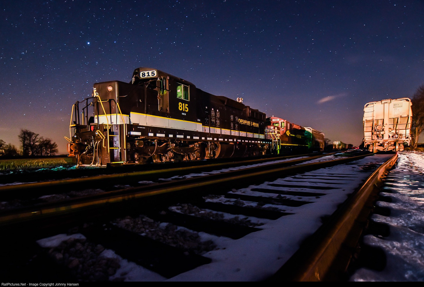 IBCX 815 and 813 take a rest in Thomaston under the starry night.
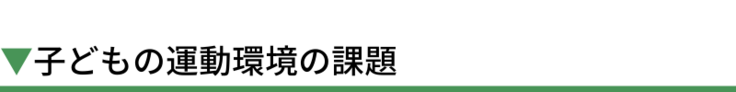 また、2021年のスポーツ庁の公表では、2021年度の全国体力テストにおいて、小中男女とも前回より体力合計点は低下、特に男子は2008年度の調査開始以来、最も低くなっており、コロナ禍もあって子どもたちの運動環境が著しく悪化しているのが現状です。
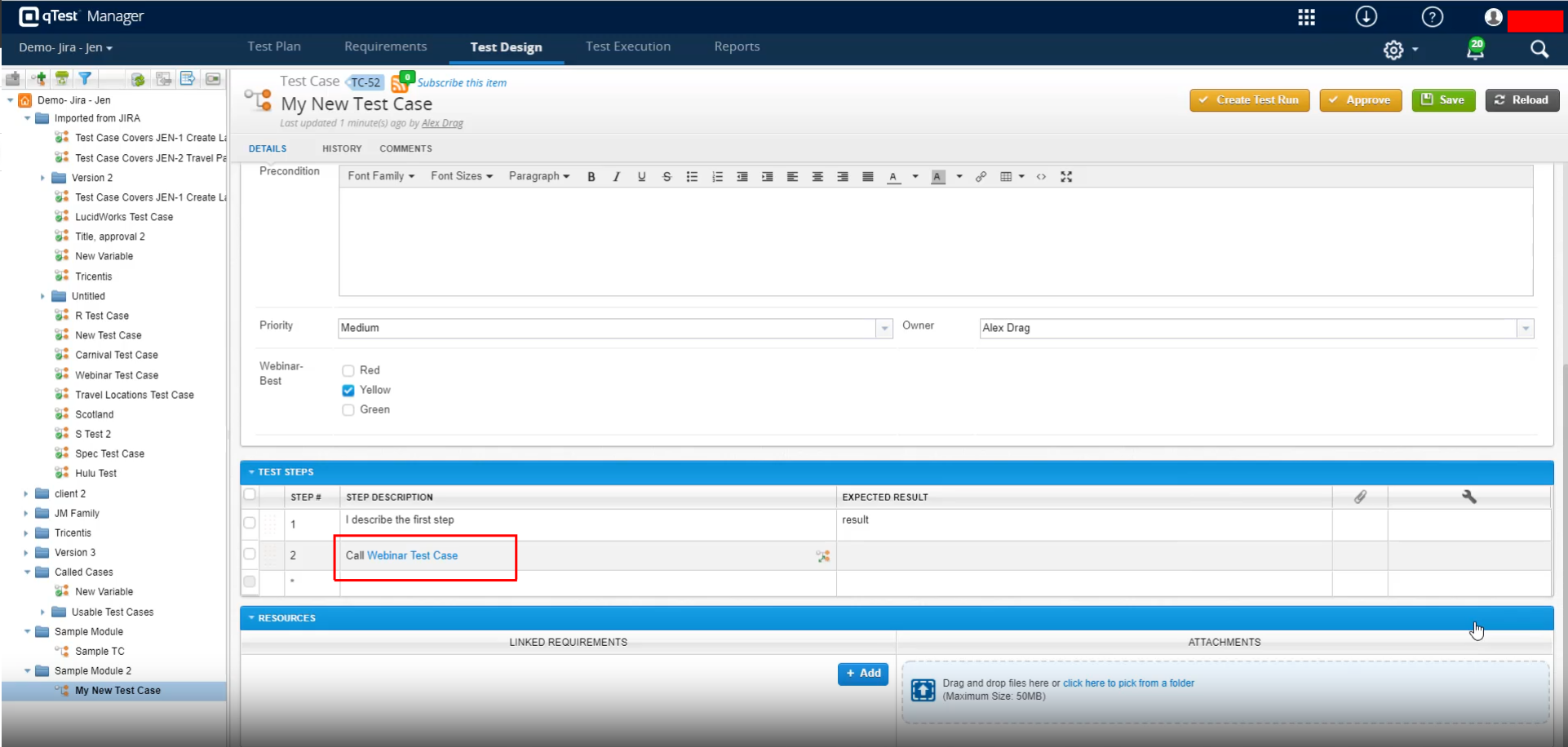 Step 5: If you need to add another test case, which may be a common one, you can do that by clicking the Call Test Case icon from a new Test Step.

What is being asked:
Retype the data word for word, please, and keep the images out.

Solution for this task:
 IBCX 815 and 813 take a rest in Thomaston under the starry night.
 また、2021年のスポーツ庁の公表では、2021年度の全国体力テストにおいて、小中男女とも前回より体力合計点は低下、特に男子は2008年度の調査開始以来、最も低くなっており、コロナ禍もあって子どもたちの運動環境が著しく悪化しているのが現状です。
 Step 5: If you need to add another test case, which may be a common one, you can do that by clicking the Call Test Case icon from a new Test Step.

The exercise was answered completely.